Official U.S. News Statement on Law School Rankings Methodology Changes, Following Rankings Exodus

U.S. News & World Report has sent the following letter to law schools regarding methodology changes for the upcoming 2023-2024 rankings. This comes in the wake of 20+ law schools announcing they will no longer submit their data for rankings purposes.

There are a few key takeaways that we can draw from this statement:

  • U.S. News will decrease the weight of the peer assessment scores.
  • U.S. News will increase the weight of outcomes measures (employment and bar passage).
  • U.S. News will rank all law schools using publicly available data, which leads us to conclude that they will be entirely eliminating the expenditures and debt metrics.
  • U.S. News will no longer penalize schools for school-funded employment outcomes relative to non-school-funded jobs, at least for this upcoming rankings edition. They will also give full weight to grad school as an outcome, at least for this upcoming rankings edition.

The full letter is below.

Dear Law School Deans,

We are writing to inform you of our plans for the publication of the 2023–2024 Best Law Schools this spring. In recent weeks, we have had conversations with more than 100 deans and representatives of law schools – well more than half of this academic leadership group. Based on those discussions, our own research and our iterative rankings review process, we are making a series of modifications in this year’s rankings that reflect those inputs and allow us to publish the best available data.

We will rank law schools in the upcoming rankings using publicly available data that law schools annually make available as required by the American Bar Association whether or not schools respond to our annual survey. For schools that do respond, we will publish more detailed profiles, enabling students to create a more comprehensive picture of their various choices. For the rankings portion, there will be some changes in how we weight certain data points, including a reduced emphasis on the peer assessment surveys of academics, lawyers and judges, and an increased weight on outcome measures.

We maintain that data beyond the rankings – whether collected by U.S. News or the American Bar Association – is an essential resource for students navigating the complex admissions process and seeking to evaluate the important but costly education that you deliver.

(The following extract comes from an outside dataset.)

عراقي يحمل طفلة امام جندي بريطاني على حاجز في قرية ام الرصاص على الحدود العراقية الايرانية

We appreciate the work that law schools have done to contribute to the U.S. News law rankings over the years. From completing extensive surveys to providing us feedback, we have worked cooperatively to create fair and objective standards for an important academic discipline while providing students with a broad array of choices among nearly 200 schools. We have helped expand the universe of well-known law schools beyond the club of Ivy League schools of the last century. But we realize that legal education is neither monolithic nor static and that the rankings, by becoming so widely accepted, may not capture the individual nuances of each school in the larger goal of using a common set of data. In that spirit, we engaged all schools that wanted to talk to us. We received feedback – both positive and negative – on the rankings and methodology. This concerted outreach has been particularly helpful and respectful. We were encouraged by how many of you appreciate that a big part of our mission is to connect students with schools and help students make the best decision for selecting a particular law school.

Your concerns were not identical, but did focus on a handful of areas. The main points included per student expenditures, the weight of the peer assessment surveys, and indicators of student debt. We also received broad feedback that the rankings should place more weight on outcomes, such as bar passage and employment outcomes, thereby reflecting students’ concerns when making law school decisions. We largely agree, as demonstrated by changes made to the methodology over the years.

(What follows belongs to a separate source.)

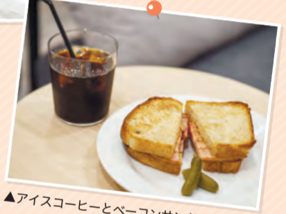
▲アイスコーヒーとベーコンサンドイッチ

Some law schools that are able to offer fellowships felt they were being undervalued, thus discouraging public service careers. For the next year, we will be giving full-weight to school-funded full-time long-term fellowships where bar passage is required or where the JD degree is an advantage, and we will treat all fellowships equally. We will also be giving full-weight to those enrolled in graduate studies in the ABA employment outcomes grid.

The conversations revealed other factors, such as loan forgiveness/loan assistance repayment programs, need-based aid, and diversity and socio-economic considerations, which will require additional time and collaboration to address. In these areas we will continue to work with academic and industry leaders to develop metrics with agreed upon definitions.

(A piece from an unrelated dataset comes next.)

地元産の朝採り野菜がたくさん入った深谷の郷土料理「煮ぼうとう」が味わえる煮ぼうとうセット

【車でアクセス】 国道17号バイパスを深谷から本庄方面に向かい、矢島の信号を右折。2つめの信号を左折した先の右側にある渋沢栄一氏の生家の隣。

More data benefits everyone. To that end, we plan to make available to students more of the data we already have collected so that they can run deeper comparisons among law schools. Similarly, we call on all law schools to make public all of the voluminous data they currently report to the ABA but decline to publish, so that future law students can have fuller and more transparent disclosure.

U.S. News & World Report and its journalists have an important job – to inform the public, to hold powerful institutions accountable and to foster a free and fair exchange of ideas. We take our role as a journalism-based enterprise seriously, and we approach the law school rankings from that perspective. We have been following legal education and the profession for more than 30 years. We routinely and consistently talk with legal professionals and legal academics, and stay abreast of changes in the legal education landscape.

Our core mission is to help prospective law students make the best decisions for their educational future. We have consistently stated that the law school rankings should be just one component in a prospective student's decision making process.